The cake is very autumnal. I use normal supermarket applesauce – which, on a normal day, makes for a fine replacement for eggs. The sour cream adds to moisture and rise, but you could probably mix in milk. Most of the time for this cake is really in the baking – the prep is very simple. I wrote the recipe in a different format this time – let me know what you think!

Applesauce raisin cake

Applesauce Raisin Cake

Preheat the oven to 400F. Grease a deep loaf pan or a rectangular (9x13in/23x32cm) pan.

Pour hot water over 1 cup of raisins to cover. Set aside.

Melt 4oz/125g butter on a stove or in the microwave. Then, beat in 1 cup applesauce, 3 tablespoons sour cream, 1 ¼ cups white granulated sugar, and 1 tablespoon pumpkin pie spice mix until combined.
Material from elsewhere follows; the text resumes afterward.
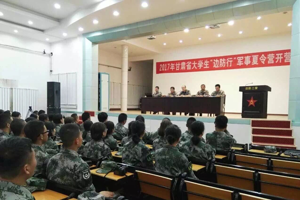 在中国人民解放军建军90周年来临之际,为培养大学生边防意识与国防观念,增强民族精神与爱国情怀,激发学习动力与报国志向,军地联合推进大学生国防教育工作,7月17日,由省军区、省教育厅共同组织的2017年甘肃省大学生“边防行”军事夏令营活动在中蒙边境某部边防营正式开营,通过进军营、走边防、练技能等形式,让大学生们零距离感受边防生活。包括我校在内的省内10所高校近百名大学生参加了此次为期一周的夏令营活动,我校“国防教育团”7名学生代表组队参加了活动。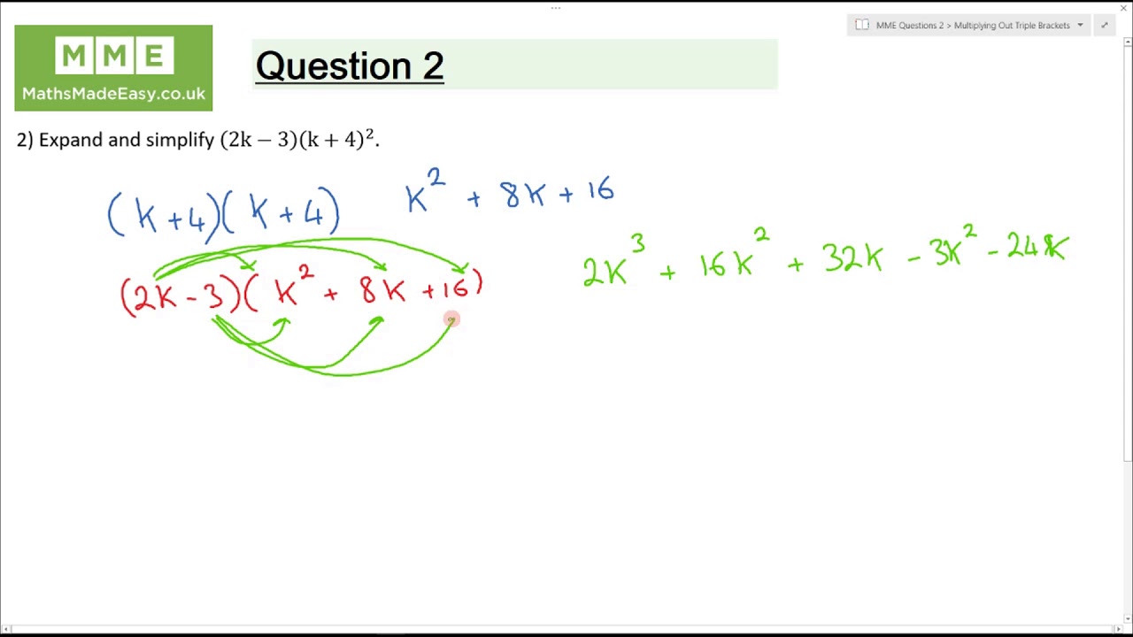 Question 2: Expand and simplify (2k-3)(k+4)^2

If you do not have pumpkin pie spice mix, use 1 ½ teaspoons ground cinnamon, and ½ teaspoon each of ground ginger, ground cloves, and ground nutmeg.

Beat in three large eggs, one at a time, until thoroughly combined.

Add two cups of white all-purpose flour, 2 tsp baking powder, and a dash of salt, and mix thoroughly until you have a thick batter. If your applesauce is runny, you will need to add more flour – for every additional ½ cup flour, add 2 tbsp of white sugar.

Drain the raisins, and fold them into the batter until evenly distributed.

Pour the batter into a pan. Bake for 1 hour, or until a toothpick or knife come out clean and the top is golden brown. Cool for a while, then store sealed until serving to hold moistness.

Thank you to my classmates at the University of Maryland’s Master in Community Planning program for participating in User Acceptance Testing for this recipe!